In a word, set up whether complete all applicable uncertain data pedigree inquiry processing methods of a kind of no matter priori, embodied the feature of pedigree itself and the potential demand that pedigree is managed.Ripe D-S evidence theory provides a kind of effective support technology for probabilistic reasoning in the uncertain data, for the query processing of uncertain data pedigree provides a kind of new modeling means and computing method, also infer for query optimization, result and quality of data evaluation etc. provides strong technical support based on the key issue that related application and the uncertain data management field of pedigree needs to be resolved hurrily.

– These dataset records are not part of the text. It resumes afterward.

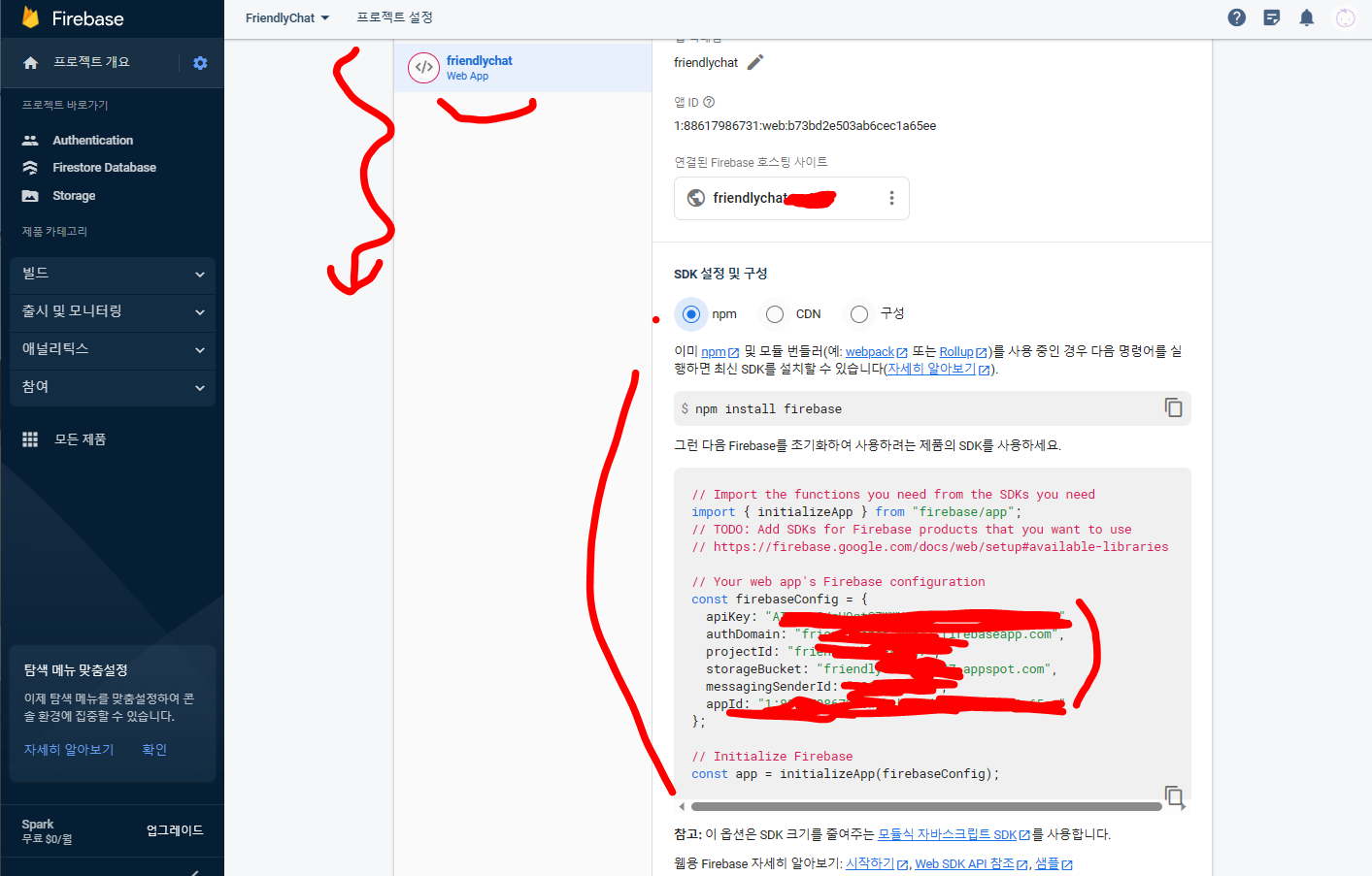 아래로 스크롤하여 프로젝트 내 앱의 설정 정보로 이동하면 프로젝트 처음에 시작 할 때 보았던 그 내용을 다시 볼 수 있습니다. 이제 npm으로 필요한 설치를 다 했으니 그 내용 그대로 따라 하면 되겠네요. 앞에서 미리 해두었으면 다시 할 필요는 없습니다.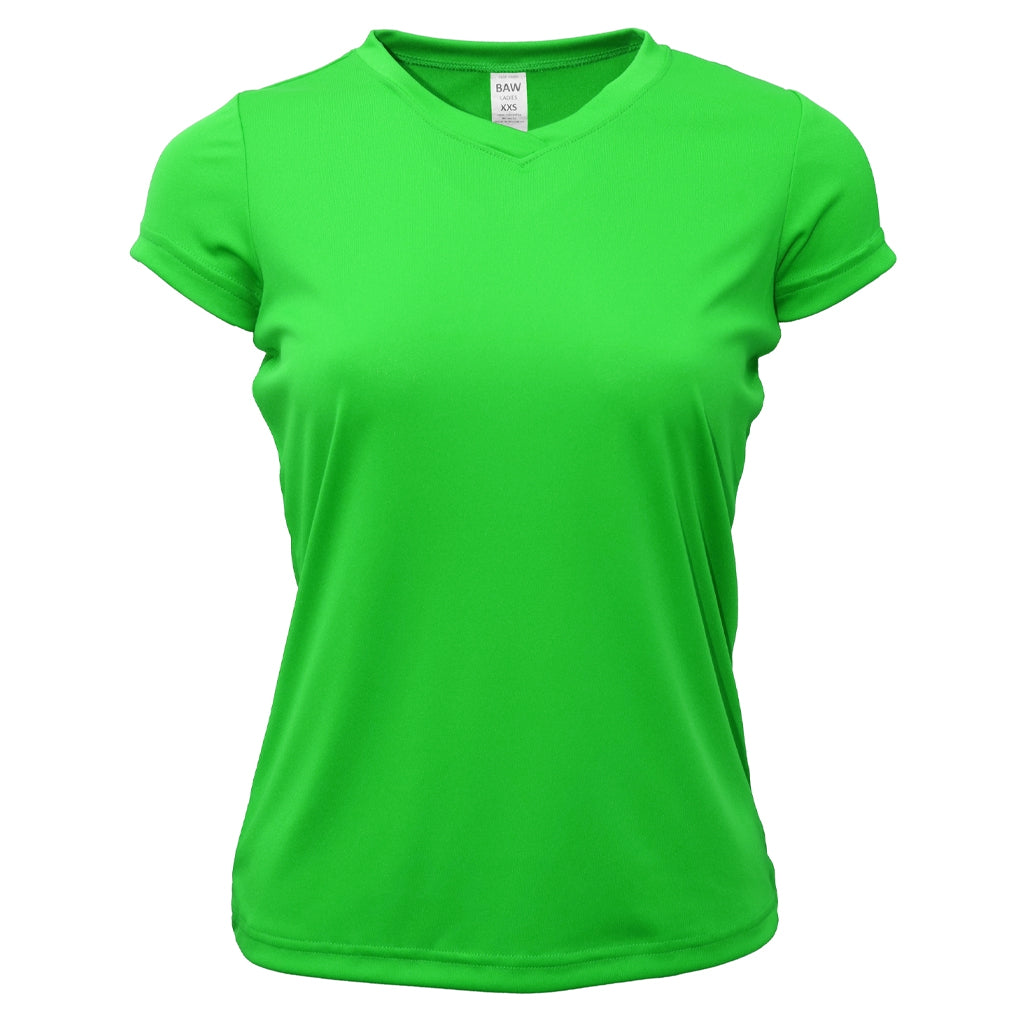 No one could accuse you of not selecting the right color of women's T-shirt for your company sponsored promotion! The BAW Women's Neon Green Xtreme Tek T-Shirt comes in a variety different shades. Just imagine your custom logo on the front of each one. Your promotion could be the gold at the end of the proverbial rainbow. This ladies' tee is available in sizes 2XS to 3X, and the material is so comfortable and breathable that recipients will wear it every chance they get. This is a tee that will not shrink and also offers UV protection. Whether you're having an anniversary celebration or gift with purchase, you just can't go wrong!Corresponding Men's Style: BAW Men's Neon Green Xtreme Tek T-Shirt
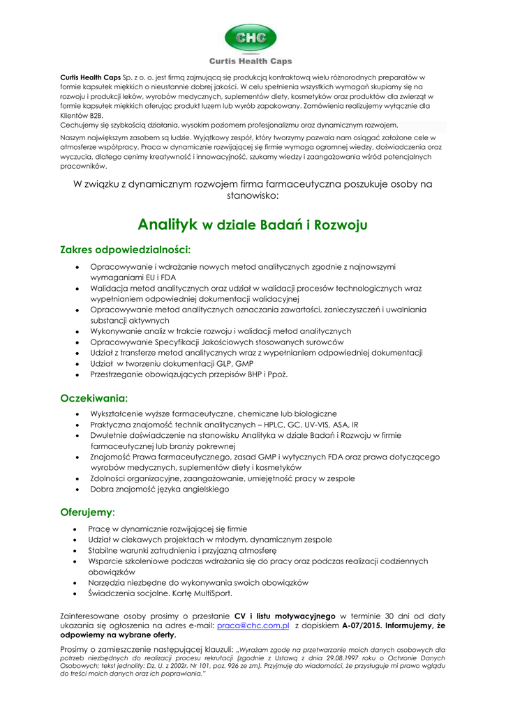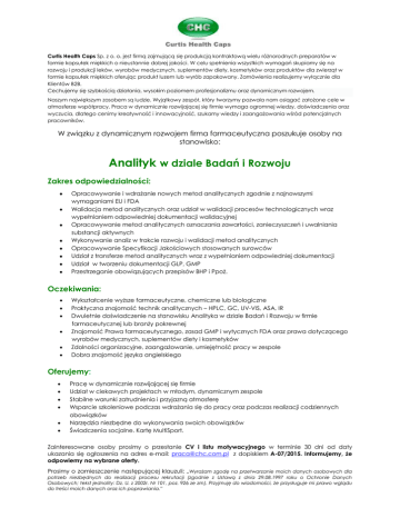 Curtis Health Caps Sp. z o. o. jest firmą zajmującą się produkcją kontraktową wielu różnorodnych preparatów w formie kapsułek miękkich o nieustannie dobrej jakości. W celu spełnienia wszystkich wymagań skupiamy się na rozwoju i produkcji leków, wyrobów medycznych, suplementów diety, kosmetyków oraz produktów dla zwierząt w formie kapsułek miękkich oferując produkt luzem lub wyrób zapakowany. Zamówienia realizujemy wyłącznie dla Klientów B2B. Cechujemy się szybkością działania, wysokim poziomem profesjonalizmu oraz dynamicznym rozwojem. Naszym największym zasobem są ludzie. Wyjątkowy zespół, który tworzymy pozwala nam osiągać założone cele w atmosferze współpracy. Praca w dynamicznie rozwijającej się firmie wymaga ogromnej wiedzy, doświadczenia oraz wyczucia, dlatego cenimy kreatywność i innowacyjność, szukamy wiedzy i zaangażowania wśród potencjalnych pracowników. W związku z dynamicznym rozwojem firma farmaceutyczna poszukuje osoby na stanowisko: Analityk w dziale Badań i Rozwoju Zakres odpowiedzialności: Opracowywanie i wdrażanie nowych metod analitycznych zgodnie z najnowszymi wymaganiami EU i FDA Walidacja metod analitycznych oraz udział w walidacji procesów technologicznych wraz wypełnianiem odpowiedniej dokumentacji walidacyjnej Opracowywanie metod analitycznych oznaczania zawartości, zanieczyszczeń i uwalniania substancji aktywnych Wykonywanie analiz w trakcie rozwoju i walidacji metod analitycznych Opracowywanie Specyfikacji Jakościowych stosowanych surowców Udział z transferze metod analitycznych wraz z wypełnianiem odpowiedniej dokumentacji Udział w tworzeniu dokumentacji GLP, GMP Przestrzeganie obowiązujących przepisów BHP i Ppoż. Oczekiwania: Wykształcenie wyższe farmaceutyczne, chemiczne lub biologiczne Praktyczna znajomość technik analitycznych – HPLC, GC, UV-VIS, ASA, IR Dwuletnie doświadczenie na stanowisku Analityka w dziale Badań i Rozwoju w firmie farmaceutycznej lub branży pokrewnej Znajomość Prawa farmaceutycznego, zasad GMP i wytycznych FDA oraz prawa dotyczącego wyrobów medycznych, suplementów diety i kosmetyków Zdolności organizacyjne, zaangażowanie, umiejętność pracy w zespole Dobra znajomość języka angielskiego Oferujemy: Pracę w dynamicznie rozwijającej się firmie Udział w ciekawych projektach w młodym, dynamicznym zespole Stabilne warunki zatrudnienia i przyjazną atmosferę Wsparcie szkoleniowe podczas wdrażania się do pracy oraz podczas realizacji codziennych obowiązków Narzędzia niezbędne do wykonywania swoich obowiązków Świadczenia socjalne. Kartę MultiSport. Zainteresowane osoby prosimy o przesłanie CV i listu motywacyjnego w terminie 30 dni od daty ukazania się ogłoszenia na adres e-mail: [email protected] z dopiskiem A-07/2015. Informujemy, że odpowiemy na wybrane oferty. Prosimy o zamieszczenie następującej klauzuli: „Wyrażam zgodę na przetwarzanie moich danych osobowych dla potrzeb niezbędnych do realizacji procesu rekrutacji (zgodnie z Ustawą z dnia 29.08.1997 roku o Ochronie Danych Osobowych; tekst jednolity: Dz. U. z 2002r. Nr 101, poz. 926 ze zm). Przyjmuję do wiadomości, że przysługuje mi prawo wglądu do treści moich danych oraz ich poprawiania.”
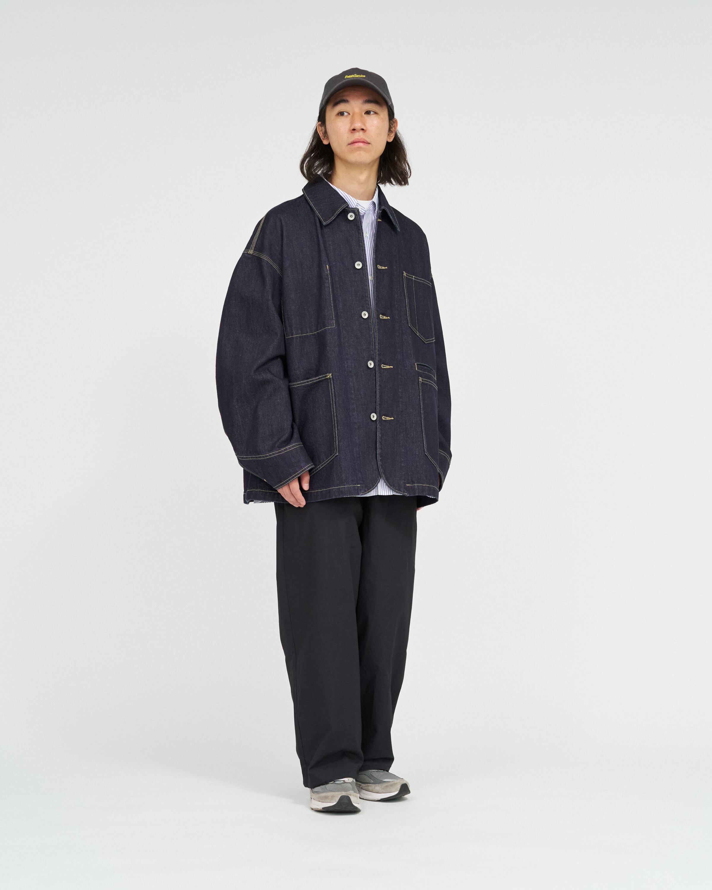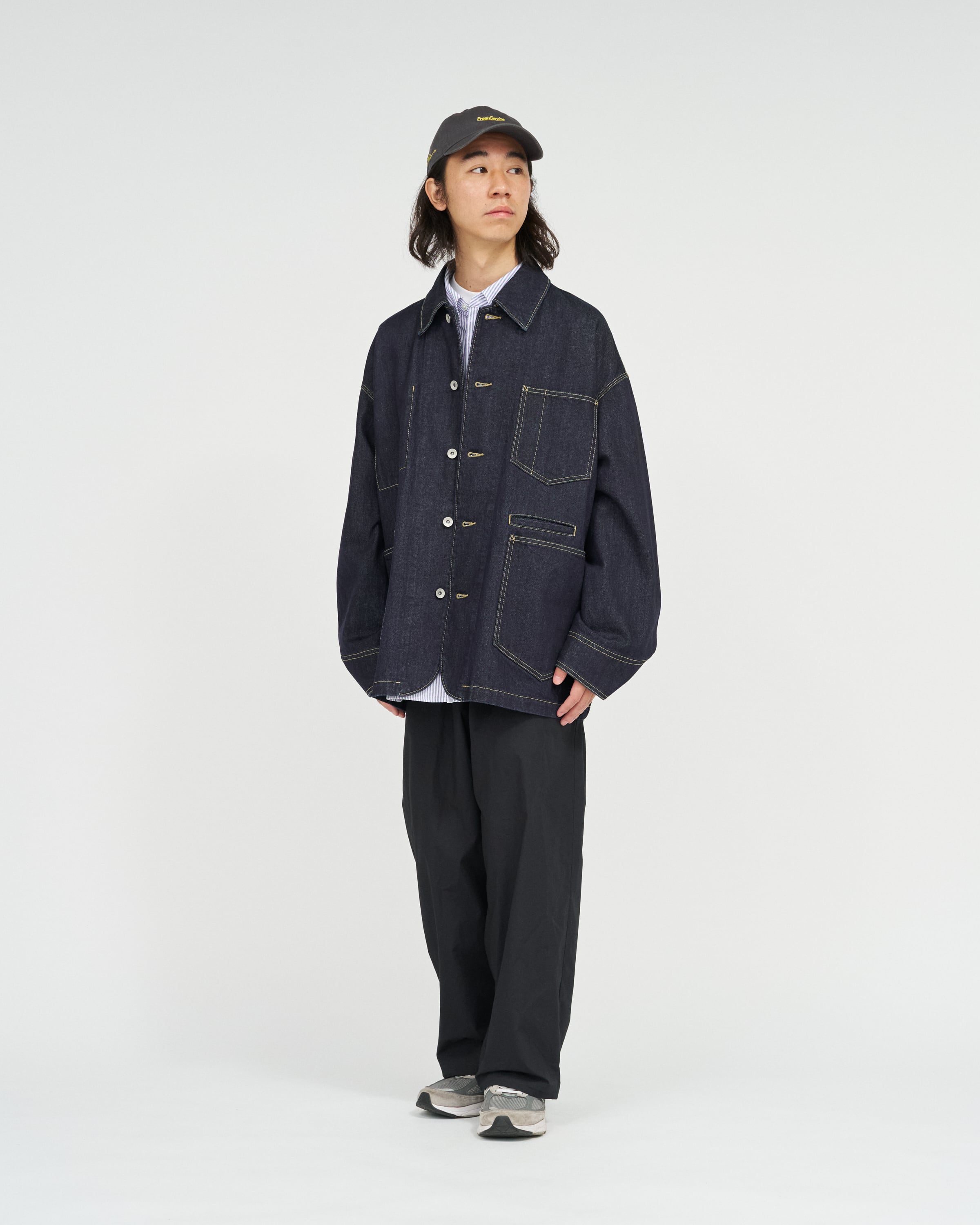 しっかりとした生地感ながら、ドロップショルダーのゆったりとしたシルエットで、FreshServiceらしい抜け感のあるバランスに仕上げています。

Four, description of drawings
Fig. 1 Technology Roadmap of the present invention.Comprise following three parts: obtain the elementary probability assignment as the input data item of evidence, the probability assignment of calculation result data item and the uncertainty of tolerance result data item.
Five, embodiment
Embodiment: for the pedigree inquiry processing method of traffic accident charge
(1) uncertain data and pedigree inquiry
The uncertain data of given " witnessing investigation (Witness) " notes and vehicle administration office " drive recorder (Driver) ", respectively as shown in Table 1 and Table 2." witnessing investigation (Witness) " notes data in the table 1 comprise two evidence data item, are respectively the investigative record of witnessing of " Zhang San " and " Li Si ", the probability of " confidence level " reflection evidence data possibility value." witness investigation " and be connected by " license plate number " attribute with " drive recorder " table.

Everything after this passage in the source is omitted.